Scraping(JS/Source code)
JavaScript files are used by modern web applications to provide dynamic content which contains various functions & events. Each website includes JS files and are a great resource for finding those internal subdomains used by the organization.
- Language: Go
Gospider is a fast web spidering tool capable of crawling the whole website within in a short amount of time. This means gospider will visit/scrap each and every URL mentioned in the JS file and source code. So, since source code & JS files make up a website they may contain links to other subdomains too.

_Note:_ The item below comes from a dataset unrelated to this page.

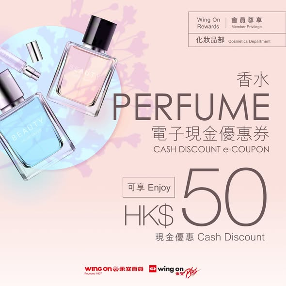 【Wing On 會員尊享$50香水電子現金優惠券】

go get -u github.com/jaeles-project/gospider
This is a long process so Brace yourself !!! 💪
This process is divided into3⃣steps:
- Since we are crawling a website, gospider excepts us to provide URL's, which means in the form of
http://
https://
- So first, we need to web probe all the subdomains we have gathered till now. For this purpose, we will use httpx .
- So, lets first web probe the subdomains:
cat subdomains.txt | httpx -random-agent -retries 2 -no-color -o probed_tmp_scrap.txt
- Now, that we have web probed URLs, we can send them for crawling to gospider.
gospider -S probed_tmp_scrap.txt --js -t 50 -d 3 --sitemap --robots -w -r > gospider.txt
Caution: This generates huge traffic on your target
- S - Input file
- js - Find links in JavaScript files
- t - Number of threads (Run sites in parallel) (default 1)
- d - depth (3 depth means scrap links from second-level JS files)
- sitemap - Try to crawl sitemap.xml
- robots - Try to crawl robots.txt

The parth portion of an URL shouldn't have more than 2048 characters. Since, we gopsidersed -i '/^.\{2048\}./d' gospider.txt
The Point to note here is we have got URLs from JS files & source code till now. We are only concerned with subdomains. Hence we must just extract subdomains from the Gospider output.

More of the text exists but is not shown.